Какой же текст выбрал А. И. Рейтблат? Сопоставим первые пять страниц (в левом столбце — перепечатанный, действительно с немалой точностью, Рейтблатом, в правом — текст 1782 года, как он представлен в моей публикации).
Предисловие Комарова и эпиграф в публикации Рейтблата отсутствуют.
Среди самого прекраснейшего дня, в один час, темная туча покрыла чистое небо; облака, как горы, ходили и волновались, подобно Черному морю, от жестокого ветра; гром, молния, град, дождь и сильная буря, соединясь вместе, приводили в ужас всех живущих на земле. Все бегали, искали своего спасения; старые, воздевая руки к небу, просили богов об отпущении грехов; младые вопияли и укрывались под кровы; жены и девицы с плачем и воплем входили в храмы и затворялись; земледельцы в полях не обретали своего спасения.
Младший английский милорд Георг, будучи в сие время с псовою охотою в поле, принужден был от страшной сей грозы искать своего спасения в лесу <…> (с. 127).
Среди самого прекраснейшего дня в один час темная туча покрыла чистое небо; облаки, как горы, ходят и волнуются, подобно черному морю, от жестокого ветра; гром, молния, град, дождь и сильная буря, соединясь вместе, во ужас всех живущих на земли приводило.

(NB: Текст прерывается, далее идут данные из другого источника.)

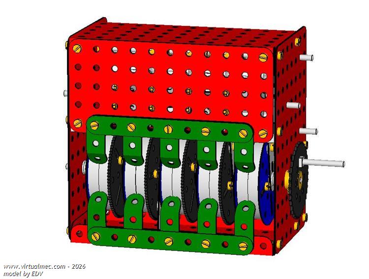 Replicating Tim Robinson's model,like in a car odometer, this mechanism exhibits the number of turns counted up to 10,000 turns where the first drum on the right divides one turn in tenths of a turn.
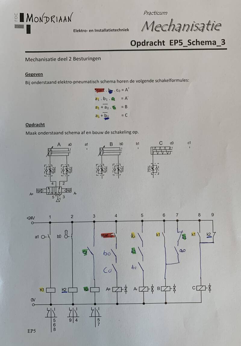 1. Bouw het elektro-pneumatiek schema op en test de werking.

Все бегали, искали своего спасения; старые воздевали руки на небо, просили богов об отпущении грехов; младые вопиют и укрываются под кровы; жены и девицы с плачем и воплями входят в храмины и затворяются; земледельцы в полях не обретали своего спасения.

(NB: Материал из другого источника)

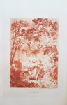 - la Suite d’estampes d’après Lancret, Pater, Eisen, Boucher, etc., publiée chez Lemonnyer en 1885 et tirée sur papier du Japon : 44 figures gravées au burin, avant la lettre et 6 figures gravées au burin, tirées en rouge, avec la lettre. (Le titre te la table annoncent 38 figures hors texte et deux vignettes.)
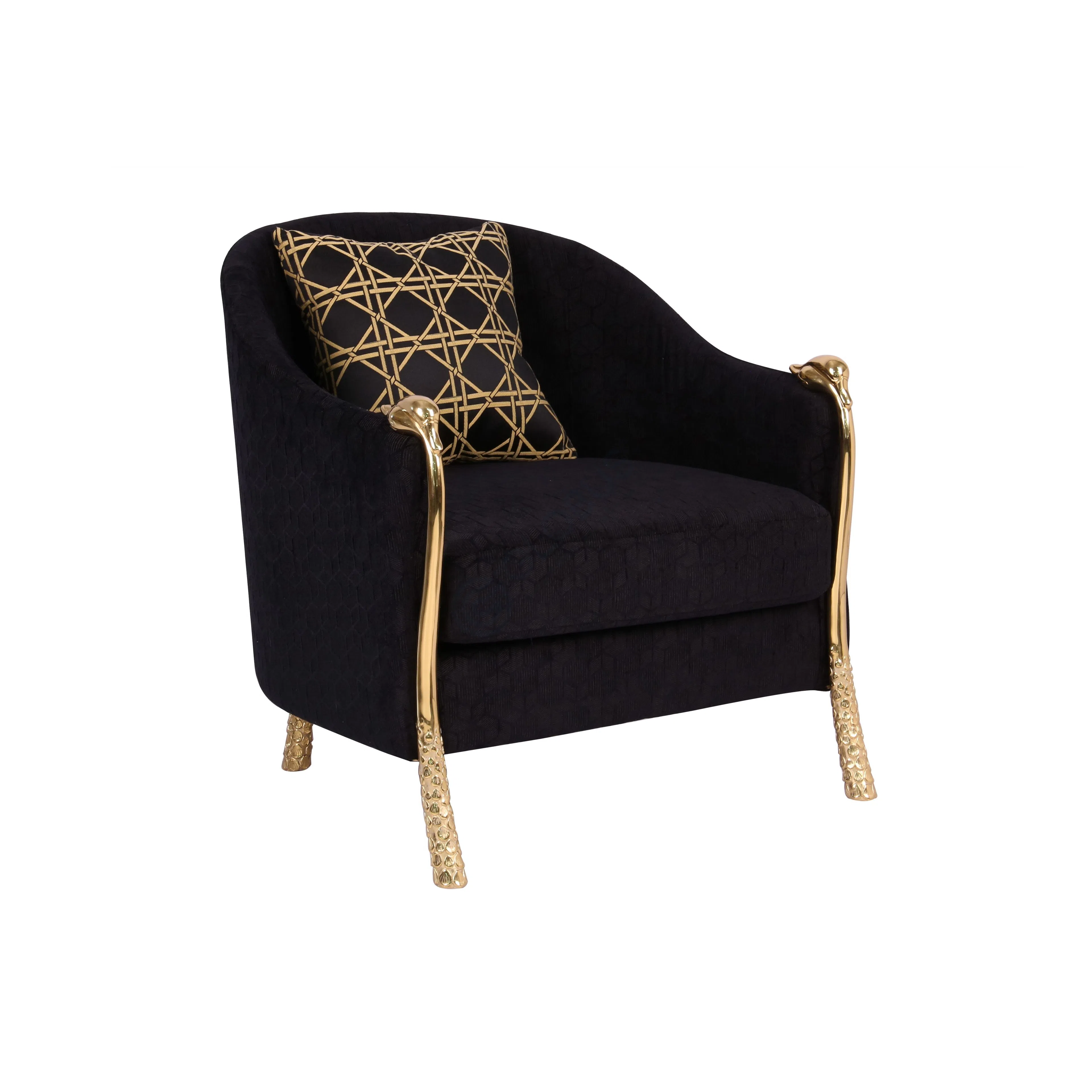 Craftsmanship is evident in the blend of fine materials. A robust solid wood frame provides a foundation of lasting quality, while the luxurious textile invites comfort. Distinctive brass elements adorn the arms and legs, featuring sculpted details that catch the light.

Младой аглинский милорд Георг, будучи в сие время со псовою охотою на поле, принужден был от страшной сей грозы искать своего спасения в лесу <…> (с. 133).

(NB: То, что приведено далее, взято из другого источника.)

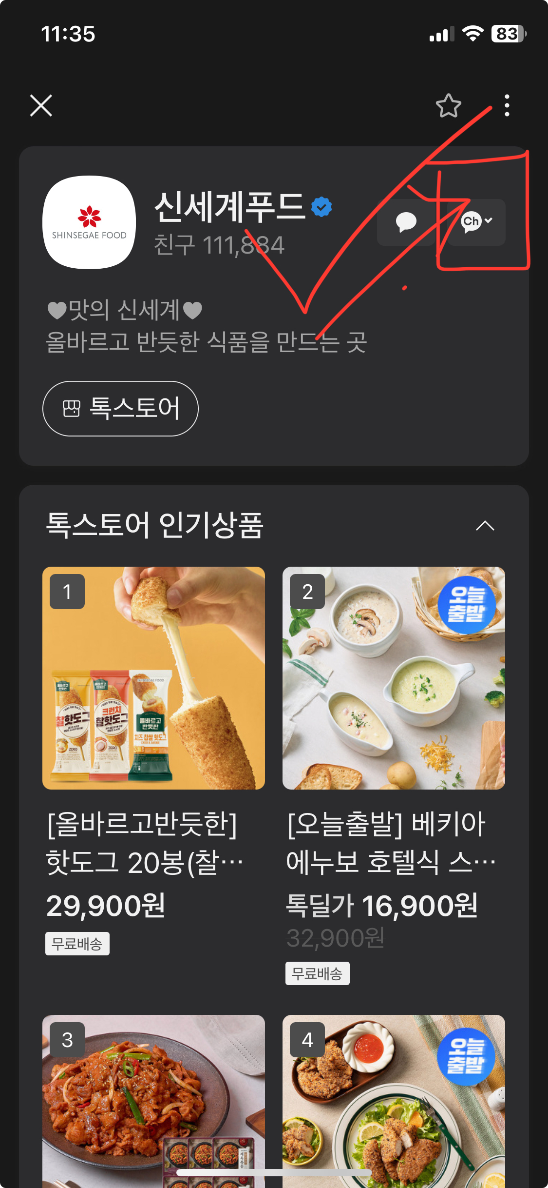 3. 채널 아이콘 터치
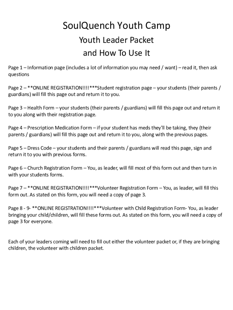 SoulQuench Youth Camp Youth Leader Packet and How To Use It Page 1 Information page (includes a lot of information you may need / want) read it, then ask questions Page 2 **ONLINE REGISTRATION!!!!***Student

В этом небольшом отрывке, начинающем повествование, 15 стилистических изменений разной степени и характера и одна явная блуждающая опечатка («младший»); далее на этих пяти страницах (за вычетом, к тому же, из них нескольких пространных фрагментов, о которых пойдет речь далее) насчитывается еще 67 больших и малых разночтений, из которых 5 появились в публикации Рейтблата. Поскольку та же картина наблюдается на всем протяжении текста (я сверял по 5 страниц случайной выборкой в разных местах), то общее их число может составить по самым скромным подсчетам более тысячи.
На этих же пяти начальных страницах текста, опубликованного Рейтблатом, выявляются значительные купюры.
Направя туда свою лошадь, он выехал на большой , с редкими лавровыми деревьями, луг, на котором произрастали различные прекраснейшие цветы, от которых происходило великое благоухание и кои показывали приятнейший вид.
Веселяся он сим прекрасным местом и смотря на растущую на том лугу ровную и густую траву, наслаждался благоуханием, происходящим от различных цветов, с великим удовольствием. Но как он всю ночь проводил без сна, то сон его так стал одолевать, что он едва мог сидеть на лошади, слез и, привязав ее к одному дереву, сам лег спать. Когда он довольно выспался <…> (с. 129).
Милорд, не ответствуя ничего, но поклонясь с учтивостью и страхом, пошел за ними.
Вошел он в прежде виденную им залу <…> (с. 131).
… направя он туда свою лошадь, выехал на небольшой с редкими лавровыми деревьями луг, на котором произрастали различные прекраснейшие цветы, от которых происходило великое благоухание и показывали приятнейший вид.
Милорд не инако о сем прекрасном месте думал, что оное нарочно уготовано богинею Цирерою для чистейшей богини Дианы, когда она приходит утружденная с ловитвы со своими нимфами для сладчайшего покоя.
Веселяся он сим прекрасным местом и смотря на растущую на том лугу равную и густую траву, наслаждался благоуханием, происходящим от различных цветов, с великим удовольствием; но как он всю ночь препроводил без сна, а обыкновенно на утренней заре лучший и приятный бывает у человека сон, особливо же по претерпении великого беспокойства, то сон его так стал одолевать, что едва мог сидеть на лошади; чего ради он принужден с лошади слезть и, привязав ее к одному дереву, сам лег под тению оного на зеленой и густой траве спать; а как довольно выспался <…> (с. 137).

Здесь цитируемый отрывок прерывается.